------ Record extracts
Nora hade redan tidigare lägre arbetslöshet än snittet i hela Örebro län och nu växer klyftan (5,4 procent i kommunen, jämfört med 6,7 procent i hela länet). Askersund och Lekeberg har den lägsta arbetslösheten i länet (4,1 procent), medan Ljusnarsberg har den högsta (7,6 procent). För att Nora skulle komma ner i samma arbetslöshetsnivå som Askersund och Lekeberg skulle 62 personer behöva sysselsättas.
------------
------ Record extracts
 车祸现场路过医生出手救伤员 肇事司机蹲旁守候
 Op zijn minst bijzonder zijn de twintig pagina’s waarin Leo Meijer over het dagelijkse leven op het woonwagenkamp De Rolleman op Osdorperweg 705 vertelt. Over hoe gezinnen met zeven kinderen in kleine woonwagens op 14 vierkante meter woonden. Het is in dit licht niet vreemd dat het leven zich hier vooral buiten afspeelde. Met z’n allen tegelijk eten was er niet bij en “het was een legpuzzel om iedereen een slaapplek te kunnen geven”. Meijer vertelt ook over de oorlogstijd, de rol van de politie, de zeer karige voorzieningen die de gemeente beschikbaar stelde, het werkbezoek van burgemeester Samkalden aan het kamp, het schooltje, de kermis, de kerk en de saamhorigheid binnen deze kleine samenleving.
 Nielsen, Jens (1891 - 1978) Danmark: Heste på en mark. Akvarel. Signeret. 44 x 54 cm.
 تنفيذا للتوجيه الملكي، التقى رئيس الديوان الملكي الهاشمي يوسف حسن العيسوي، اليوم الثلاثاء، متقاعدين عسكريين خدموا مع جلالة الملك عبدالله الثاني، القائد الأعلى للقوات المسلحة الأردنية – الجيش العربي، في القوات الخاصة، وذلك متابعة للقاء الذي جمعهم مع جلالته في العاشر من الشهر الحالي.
------------
Reproduce, word for word and in full, only the lines above that start at the line with "Nielsen, Jens (1891" and run through the line with "تنفيذا للتوجيه الملكي،", both ends included.

- _Reply_:
 Nielsen, Jens (1891 - 1978) Danmark: Heste på en mark. Akvarel. Signeret. 44 x 54 cm.
 تنفيذا للتوجيه الملكي، التقى رئيس الديوان الملكي الهاشمي يوسف حسن العيسوي، اليوم الثلاثاء، متقاعدين عسكريين خدموا مع جلالة الملك عبدالله الثاني، القائد الأعلى للقوات المسلحة الأردنية – الجيش العربي، في القوات الخاصة، وذلك متابعة للقاء الذي جمعهم مع جلالته في العاشر من الشهر الحالي.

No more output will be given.